= ACTIVITY =
Print, exactly and completely, every entry in the data.

= RECORD EXTRACTS =
*****

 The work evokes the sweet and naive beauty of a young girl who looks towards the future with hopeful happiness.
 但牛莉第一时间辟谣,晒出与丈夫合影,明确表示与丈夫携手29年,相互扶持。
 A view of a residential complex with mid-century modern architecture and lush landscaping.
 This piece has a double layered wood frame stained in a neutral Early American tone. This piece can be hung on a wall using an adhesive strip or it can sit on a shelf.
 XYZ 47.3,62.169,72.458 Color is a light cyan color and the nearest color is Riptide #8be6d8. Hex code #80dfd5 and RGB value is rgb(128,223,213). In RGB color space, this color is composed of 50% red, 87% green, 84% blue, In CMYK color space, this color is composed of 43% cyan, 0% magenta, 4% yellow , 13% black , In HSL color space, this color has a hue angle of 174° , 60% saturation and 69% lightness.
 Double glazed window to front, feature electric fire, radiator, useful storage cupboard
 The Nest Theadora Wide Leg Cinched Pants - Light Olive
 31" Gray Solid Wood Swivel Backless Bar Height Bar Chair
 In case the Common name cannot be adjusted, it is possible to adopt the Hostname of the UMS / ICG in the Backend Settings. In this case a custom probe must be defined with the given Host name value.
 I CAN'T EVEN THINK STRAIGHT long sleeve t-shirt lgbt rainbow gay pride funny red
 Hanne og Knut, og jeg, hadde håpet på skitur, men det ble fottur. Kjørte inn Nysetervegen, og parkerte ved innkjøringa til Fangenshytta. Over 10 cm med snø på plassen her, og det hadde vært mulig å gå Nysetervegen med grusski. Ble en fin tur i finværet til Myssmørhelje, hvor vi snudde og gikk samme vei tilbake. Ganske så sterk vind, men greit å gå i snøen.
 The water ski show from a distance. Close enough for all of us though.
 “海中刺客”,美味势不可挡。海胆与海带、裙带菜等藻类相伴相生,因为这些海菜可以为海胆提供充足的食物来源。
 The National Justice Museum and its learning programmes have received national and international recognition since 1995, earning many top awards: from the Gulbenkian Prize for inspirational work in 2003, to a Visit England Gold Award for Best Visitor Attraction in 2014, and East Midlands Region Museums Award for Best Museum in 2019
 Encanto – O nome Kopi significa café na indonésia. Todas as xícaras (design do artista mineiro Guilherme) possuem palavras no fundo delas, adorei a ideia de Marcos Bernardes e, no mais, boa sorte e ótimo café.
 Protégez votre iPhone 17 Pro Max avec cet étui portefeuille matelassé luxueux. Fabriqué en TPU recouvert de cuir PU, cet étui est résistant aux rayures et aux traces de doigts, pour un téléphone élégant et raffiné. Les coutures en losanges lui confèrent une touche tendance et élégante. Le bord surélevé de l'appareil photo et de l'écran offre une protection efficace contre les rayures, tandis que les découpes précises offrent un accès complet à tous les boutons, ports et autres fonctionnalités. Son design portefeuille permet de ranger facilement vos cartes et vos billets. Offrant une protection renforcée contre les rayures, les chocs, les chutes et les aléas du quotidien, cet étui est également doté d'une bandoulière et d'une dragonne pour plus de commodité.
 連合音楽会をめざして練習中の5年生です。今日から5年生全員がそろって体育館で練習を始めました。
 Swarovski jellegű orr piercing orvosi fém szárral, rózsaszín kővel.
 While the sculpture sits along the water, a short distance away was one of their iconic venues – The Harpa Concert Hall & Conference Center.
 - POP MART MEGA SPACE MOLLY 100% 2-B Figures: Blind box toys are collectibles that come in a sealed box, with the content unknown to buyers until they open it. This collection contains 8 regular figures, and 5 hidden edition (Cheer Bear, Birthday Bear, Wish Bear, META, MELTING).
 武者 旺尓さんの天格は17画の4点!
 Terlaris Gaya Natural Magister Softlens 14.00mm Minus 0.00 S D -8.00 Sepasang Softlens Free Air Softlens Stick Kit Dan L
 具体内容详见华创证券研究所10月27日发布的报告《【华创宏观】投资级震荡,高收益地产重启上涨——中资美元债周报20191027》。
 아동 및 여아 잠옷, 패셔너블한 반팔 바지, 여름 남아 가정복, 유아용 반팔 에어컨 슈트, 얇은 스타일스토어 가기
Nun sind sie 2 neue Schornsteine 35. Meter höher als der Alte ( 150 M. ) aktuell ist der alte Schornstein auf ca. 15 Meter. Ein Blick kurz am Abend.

*****

= SOLUTION TO THE EXERCISE =
 The work evokes the sweet and naive beauty of a young girl who looks towards the future with hopeful happiness.
 但牛莉第一时间辟谣,晒出与丈夫合影,明确表示与丈夫携手29年,相互扶持。
 A view of a residential complex with mid-century modern architecture and lush landscaping.
 This piece has a double layered wood frame stained in a neutral Early American tone. This piece can be hung on a wall using an adhesive strip or it can sit on a shelf.
 XYZ 47.3,62.169,72.458 Color is a light cyan color and the nearest color is Riptide #8be6d8. Hex code #80dfd5 and RGB value is rgb(128,223,213). In RGB color space, this color is composed of 50% red, 87% green, 84% blue, In CMYK color space, this color is composed of 43% cyan, 0% magenta, 4% yellow , 13% black , In HSL color space, this color has a hue angle of 174° , 60% saturation and 69% lightness.
 Double glazed window to front, feature electric fire, radiator, useful storage cupboard
 The Nest Theadora Wide Leg Cinched Pants - Light Olive
 31" Gray Solid Wood Swivel Backless Bar Height Bar Chair
 In case the Common name cannot be adjusted, it is possible to adopt the Hostname of the UMS / ICG in the Backend Settings. In this case a custom probe must be defined with the given Host name value.
 I CAN'T EVEN THINK STRAIGHT long sleeve t-shirt lgbt rainbow gay pride funny red
 Hanne og Knut, og jeg, hadde håpet på skitur, men det ble fottur. Kjørte inn Nysetervegen, og parkerte ved innkjøringa til Fangenshytta. Over 10 cm med snø på plassen her, og det hadde vært mulig å gå Nysetervegen med grusski. Ble en fin tur i finværet til Myssmørhelje, hvor vi snudde og gikk samme vei tilbake. Ganske så sterk vind, men greit å gå i snøen.
 The water ski show from a distance. Close enough for all of us though.
 “海中刺客”,美味势不可挡。海胆与海带、裙带菜等藻类相伴相生,因为这些海菜可以为海胆提供充足的食物来源。
 The National Justice Museum and its learning programmes have received national and international recognition since 1995, earning many top awards: from the Gulbenkian Prize for inspirational work in 2003, to a Visit England Gold Award for Best Visitor Attraction in 2014, and East Midlands Region Museums Award for Best Museum in 2019
 Encanto – O nome Kopi significa café na indonésia. Todas as xícaras (design do artista mineiro Guilherme) possuem palavras no fundo delas, adorei a ideia de Marcos Bernardes e, no mais, boa sorte e ótimo café.
 Protégez votre iPhone 17 Pro Max avec cet étui portefeuille matelassé luxueux. Fabriqué en TPU recouvert de cuir PU, cet étui est résistant aux rayures et aux traces de doigts, pour un téléphone élégant et raffiné. Les coutures en losanges lui confèrent une touche tendance et élégante. Le bord surélevé de l'appareil photo et de l'écran offre une protection efficace contre les rayures, tandis que les découpes précises offrent un accès complet à tous les boutons, ports et autres fonctionnalités. Son design portefeuille permet de ranger facilement vos cartes et vos billets. Offrant une protection renforcée contre les rayures, les chocs, les chutes et les aléas du quotidien, cet étui est également doté d'une bandoulière et d'une dragonne pour plus de commodité.
 連合音楽会をめざして練習中の5年生です。今日から5年生全員がそろって体育館で練習を始めました。
 Swarovski jellegű orr piercing orvosi fém szárral, rózsaszín kővel.
 While the sculpture sits along the water, a short distance away was one of their iconic venues – The Harpa Concert Hall & Conference Center.
 - POP MART MEGA SPACE MOLLY 100% 2-B Figures: Blind box toys are collectibles that come in a sealed box, with the content unknown to buyers until they open it. This collection contains 8 regular figures, and 5 hidden edition (Cheer Bear, Birthday Bear, Wish Bear, META, MELTING).
 武者 旺尓さんの天格は17画の4点!
 Terlaris Gaya Natural Magister Softlens 14.00mm Minus 0.00 S D -8.00 Sepasang Softlens Free Air Softlens Stick Kit Dan L
 具体内容详见华创证券研究所10月27日发布的报告《【华创宏观】投资级震荡,高收益地产重启上涨——中资美元债周报20191027》。
 아동 및 여아 잠옷, 패셔너블한 반팔 바지, 여름 남아 가정복, 유아용 반팔 에어컨 슈트, 얇은 스타일스토어 가기
Nun sind sie 2 neue Schornsteine 35. Meter höher als der Alte ( 150 M. ) aktuell ist der alte Schornstein auf ca. 15 Meter. Ein Blick kurz am Abend.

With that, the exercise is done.